Цвет лучей во всех домах либо розовый («розовая лампа горит» (53), «Елена наклонилась в розовый луч и вздернула плечами» (149), «В розовой тени долго слышался шепот» (150) — символизирует в романе прежний спокойный мир), либо красный («Лампочка <...> источала с неполно накаленных нитей тусклый красноватый цвет» (185) (дом Василисы, перед ограблением), «ровно слабо горела лампочка под красным абажуром» (174) (дом Рейсс, освещает раненого Турбина), «в столовую вылезала темно-красная полоска из спальни Елены» (39) (дом Турбиных, одиночество покинутой Тальбергом Елены), «Елена сидит, наплакавшись об Алексее, на табуреточке, подперев щеку кулаком, а Николка у ее ног на полу в красном огненном пятне» (140) (дом Турбиных, ранение Алексея)). ЛЕ «красный» приобретает в «Белой гвардии» текстовый смысл «бессилие перед происходящими событиями». Подобная смысловая нагрузка ЛЕ «красный», ее контекстная связь с ранением Турбина опираются на общеязыковую соотнесенность этого цвета с кровью (Красный — 1. Имеющий окраску одного из основных цветов спектра, идущего пред оранжевым; цвета крови).
Свет, излучаемый лампой (его цветовая гамма), во многом зависят от абажура, который также наделен символическим значением: «А потом потом в комнате противно, как во всякой комнате, где хаос укладки, и еще хуже, когда абажур сдернут с лампы. Никогда. Никогда не сдергивайте абажур с лампы! Абажур священен. Никогда не убегайте крысьей побежкой на неизвестность от опасности. У абажура дремлите, читайте — пусть воет вьюга, — ждите, пока к вам придут» (21). Данный отрывок, связанный с образом Елены, покидаемой Тальбергом, имеет в романе логическое продолжение: Елена «дождалась» — ей пришло письмо. Перед горестным известием, постигшим Елену, оказывается бессилен даже абажур: «Хоть на лампе и был абажур, в спальне Елены стало так нехорошо, словно кто-то сдернул цветистый шелк и резкий свет ударил в глаза и создал хаос укладки» (236).
«Абажур» оказывается в центре еще одного описания:
«Свет ее томил, поэтому на лампочку, стоящую на тумбе у кровати, надела она темно-красный театральный капор. Когда-то в этом капоре Елена ездила в театр вечером, когда от рук, и меха, и губ пахло духами, а лицо было тонко и нежно напудрено и из коробки капора глядела Елена, как Лиза глядит из «Пиковой Дамы». Но капор обветшал быстро и странно, в один последний год, и сборки ссеклись и потускнели, и потерялись ленты. Как Лиза «Пиковой Дамы», рыжеватая Елена, свесив руки на колени, сидела на приготовленной кровати в капоте» (39).

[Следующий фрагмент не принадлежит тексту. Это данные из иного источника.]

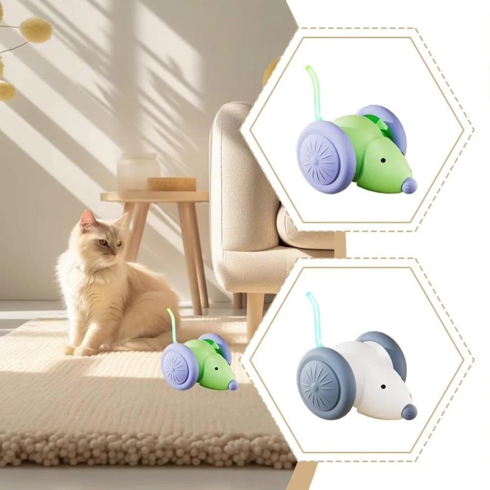 Creative Rechargeable Electric Mouse Car with LED Tail Obstacle Avoidance Interactive Cat Toy Automatic Kitten Toy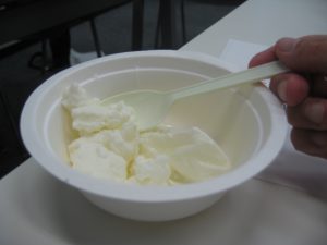 牛乳と生クリーム・砂糖をまぜて、氷と食塩を使い、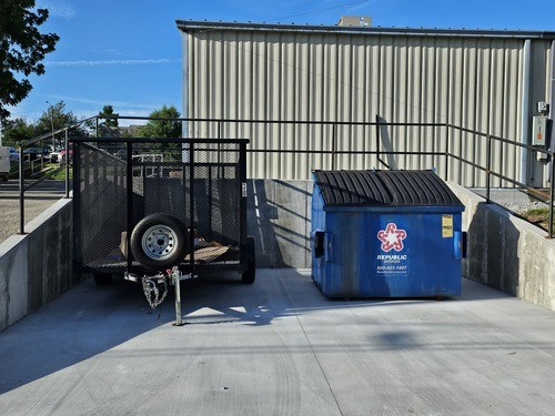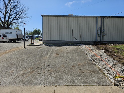 While it isn't part of the actual groundbreaking, we had to move the dumpster and cut down a couple of trees.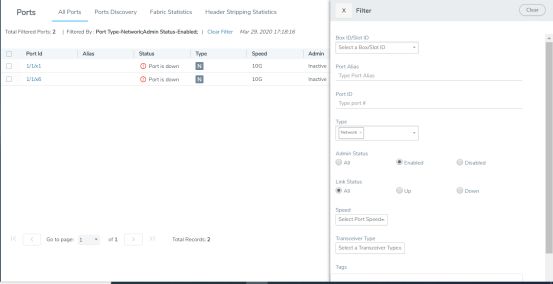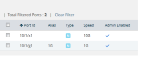 After the filter is applied, the Ports page displays only the ports that correspond to the selected filters and shows the total number of ports that meet the criteria. To clear the filters, select Clear Filter. 6 shows the Port pages with two ports that correspond to the current filters: Network Type and Admin Status Enabled.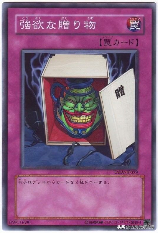 大家好,在游戏王中有一张很好用的抽卡神器,强欲之壶。但由于太好用,在世界级赛事2004变成限制卡,后来在2006年变成禁卡永久被关进小黑屋。

Капор (выступающий в функции абажура) становится поводом для воспоминаний о прошлом (апелляция к концепту «Время»), которое воспринимается сквозь призму театральной жизни. Контаминация образов «живой» Елены и «театральной» Лизы, эксплицированная автором значимость образа «театра» для воссоздания картины прошлой жизни актуализируют в данном контексте метафору «жизнь-театр» (значимую, как показал проведенный анализ, и для художественного концепта «Время»). Идейное содержание этой метафоры — бессилие человека перед волей бога-«режиссера» — акцентирует внимание на незначительности попыток героев романа изменить что-либо в своей судьбе (присутствие необъяснимой, с человеческой точки зрения, силы подчеркивается семантикой наречия «странно» (от Странный — Вызывающий недоумение, удивление своей необычностью)).

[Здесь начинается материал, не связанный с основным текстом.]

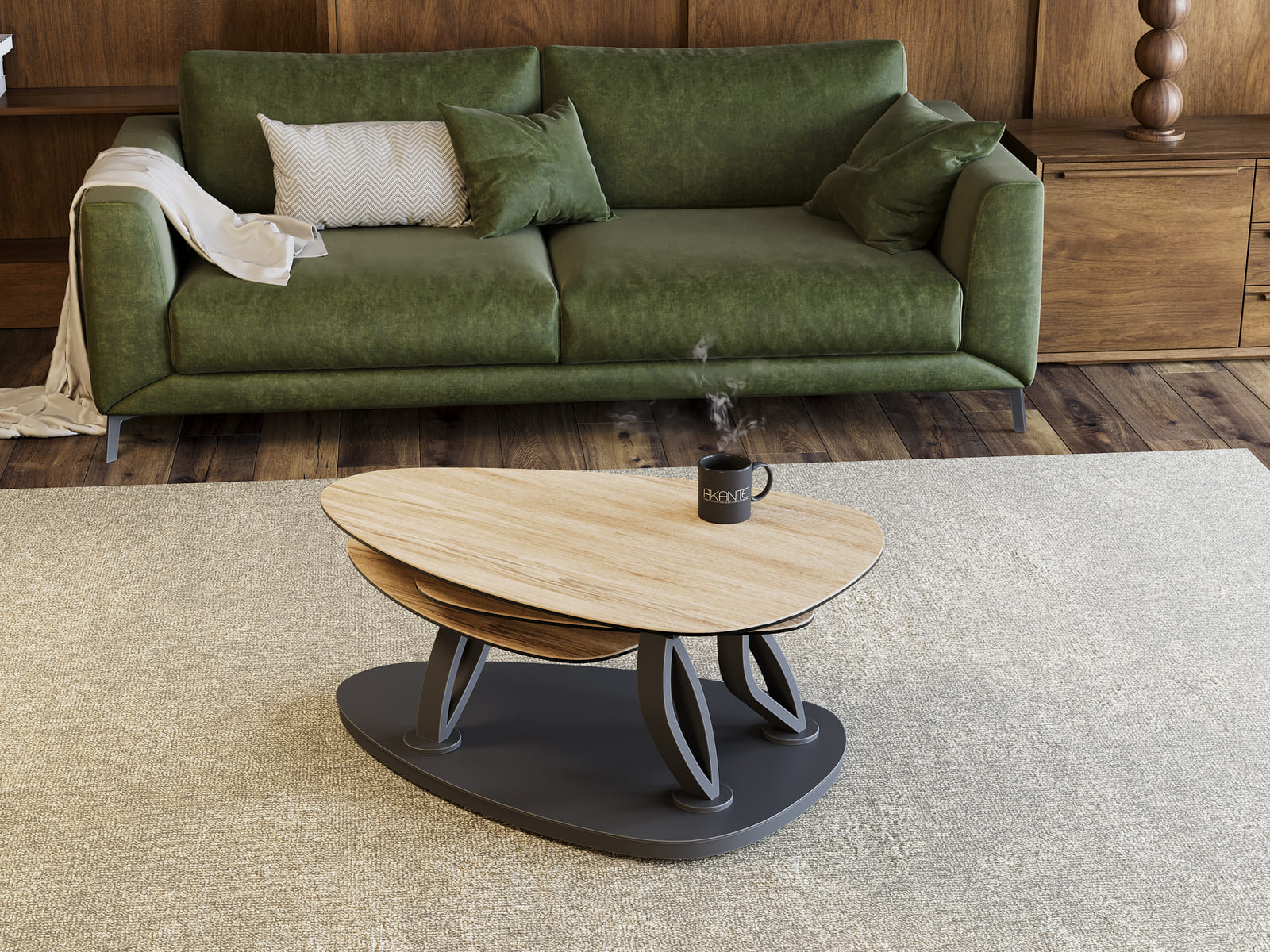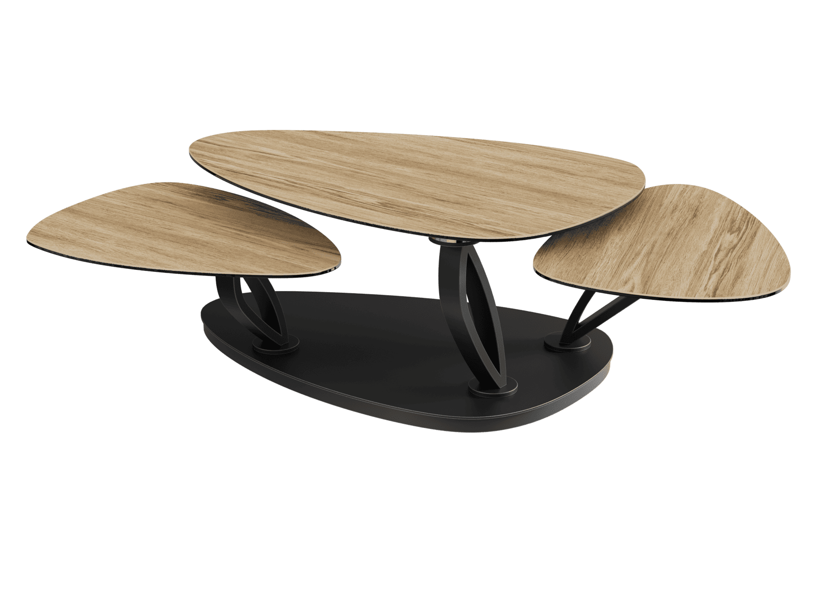 Apportez une touche d’authenticité à votre salon grâce à la table basse Magnolias en finition céramique Chêne Clair. Modulable, cette table basse est dotée de trois plateaux pivotants. Sa surface de plateau s’étend jusqu’à 1,55 mètre de longueur sur 71 cm de largeur. Les trois plateaux sont conçus en céramique de 3 mm, collée sur 6 mm de verre. La structure de cette table basse possède un design contemporain, conçu en acier laqué noir mat.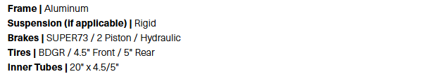 We bottled the feeling of cruising the California coastline and infused it into one of our most popular models. The latest evolution of the S2 features two must-have new colorways and unflagging BDGR tires. Each Laguna pays homage to SUPER73's Southern California roots and is meant to make every ride feel like PTO in paradise. For riders 16 years of age and older.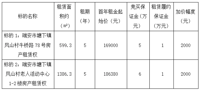 受委托,定于2026年2月9日上午9时至上午11时(延时除外),在农村综合产权交易网上(网址:https://zj.nccq.ccb.com/#/font;站点名在网站左上角切换至:瑞安市农村产权服务中心有限责任公司),对下述标的进行增价式公开竞价,现公告如下: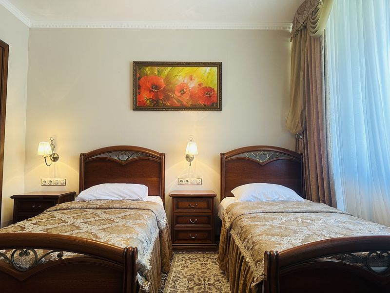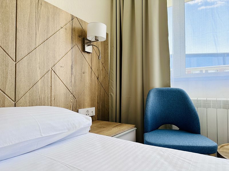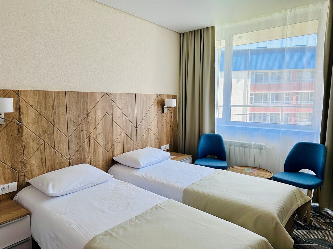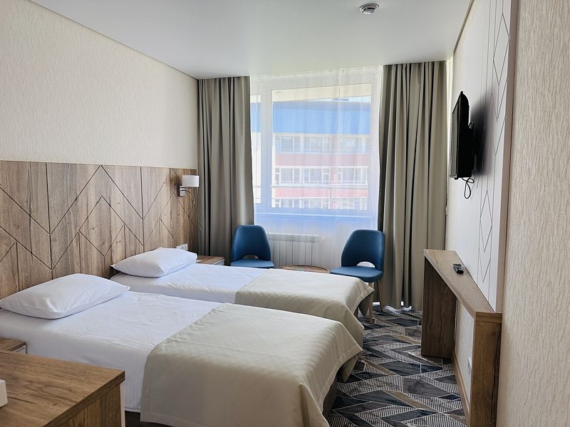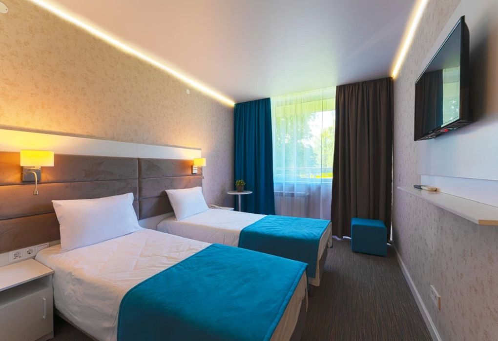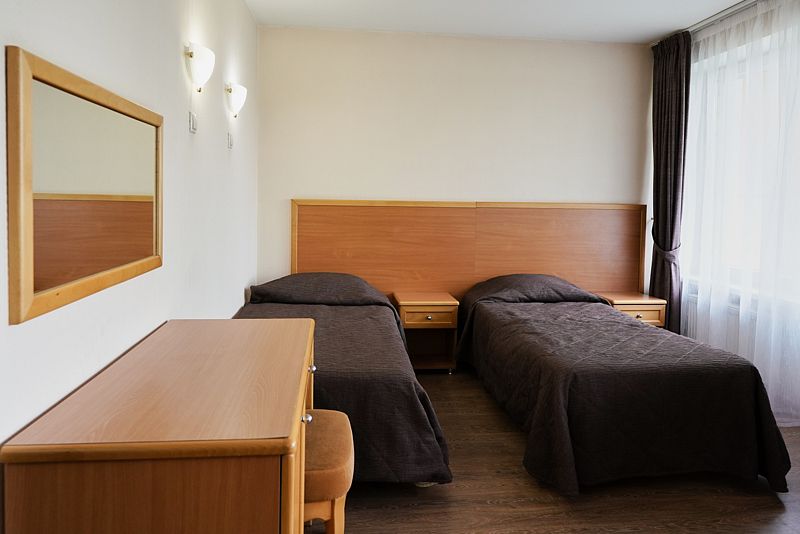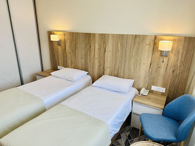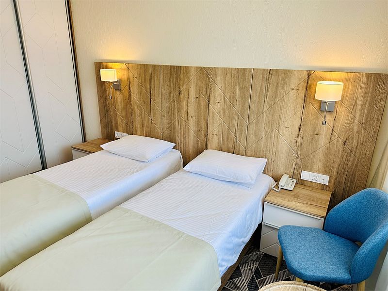 Номер с двумя раздельными кроватями. После капитального ремонта корпуса. Современный лаконичный дизайн создает атмосферу спокойствия и уюта, чтобы у вас остались самые приятные воспоминания об отдыхе. Подходит для комфортного проживания одного или двух человек (две односпальные кровати можно сдвинуть в одну).

Символическое значение ЛЕ «абажур» не исчезает и в других произведениях: в повести «Роковые яйца» сброшенный абажур знаменует начало паники в Москве: «Пылала бешеная электрическая ночь в Москве. Горели все огни, и в квартирах не было места, где бы не сияли лампы со сброшенными абажурами» (119). ЛЕ «сиять» реализует в данном контексте прямое («излучать яркий, сильный свет, ярко светиться») и переносное («являться в блеске, величии, славе» / Явиться — 2. Начать действовать, проявлять себя) значения. Таким образом, во всем величии предстает перед москвичами электрический свет, луч которого и сделал возможным фантастическое открытие профессора Персикова, а единственный защитник, способный противостоять этому искусственному свету, — абажур (Абажур — Колпак, надеваемый на лампу для сосредоточения и отражения света, а также для защиты глаз от света) — уже уничтожен, «сброшен».

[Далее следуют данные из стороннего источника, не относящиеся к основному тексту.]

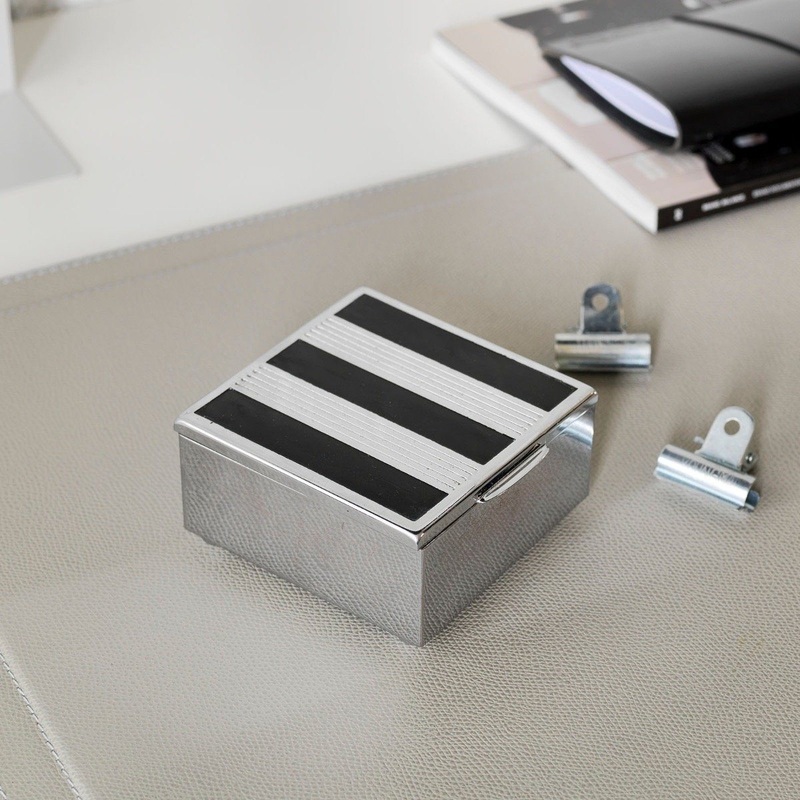 Unadorned original Art Deco style and everyday practical use come together in this vintage wooden box that is fully coated with chrome and carries a minimalistic grooved pattern on the lid. An absolute eyecatcher for any desk, it offers plenty of room for stationery, keys, a watch or whatever you want to throw in.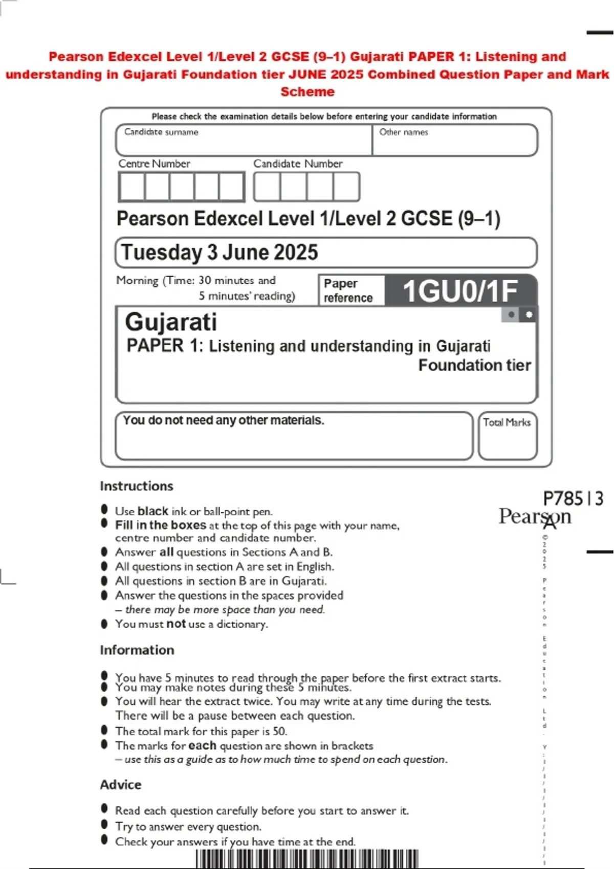 Pearson Edexcel Level 1/Level 2 GCSE (9–1) Gujarati PAPER 1: Listening and understanding in Gujarati Foundation tier JUNE 2025 Combined Question Paper and Mark Scheme
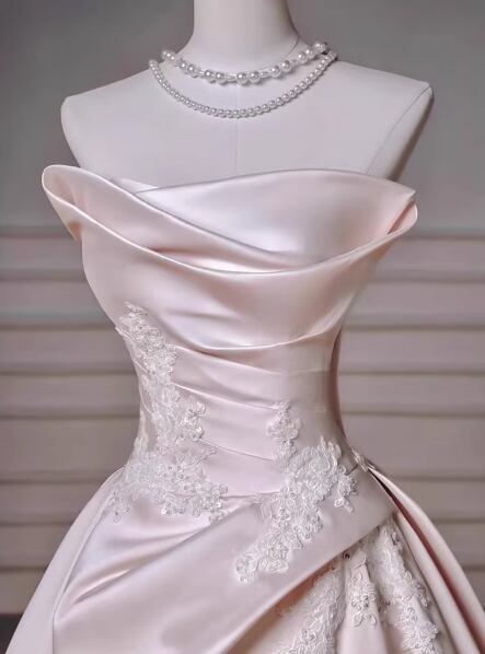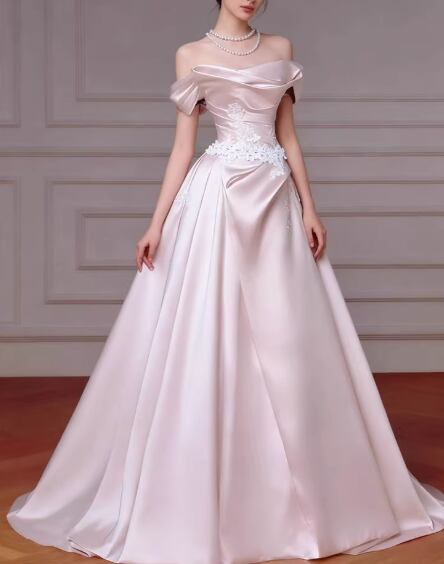 カラードレス ピンク 光沢サテン 取り外しオフショルダー 魅惑の花レース 編み上げ 披露宴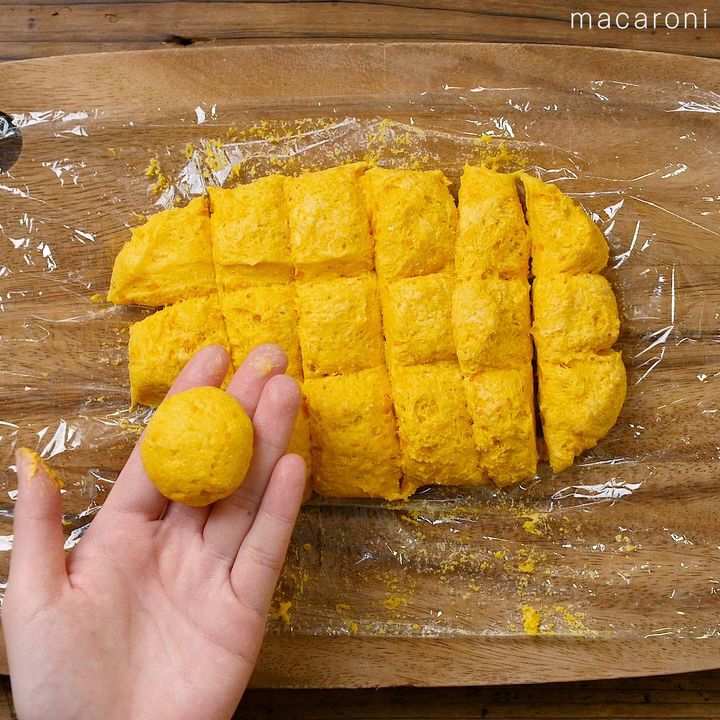 4: ③を濡らした手に取り、直径2〜3cmほどに丸めます。

В мыслительной картинке печи задействованы параметры внешнего вида («ослепительная» (Ослепительный — 1. Разг. Отличающийся необычайной белизной 2. Перен. Производящий сильное впечатление, поражающий (красотой, блеском и т. п.)) — первое значение на ассоциативном уровне связывает печь со скатертью, которая «несмотря на пушки и на все это томление, тревогу и чепуху, бела и крахмальна», утверждая тем самым незыблемость этой части турбинского уюта; второе значение включает в себя параметр авторской оценки и сообщает ЛЕ «печь» положительную коннотацию; «изразцовая» — информация о стране-производителе изразцов (голландский) характеризует печь с позиции качества (параметр, существенный для дома Турбиных) (голландские изразцы всегда считались одними из лучших в мире)), оценки («замечательная»).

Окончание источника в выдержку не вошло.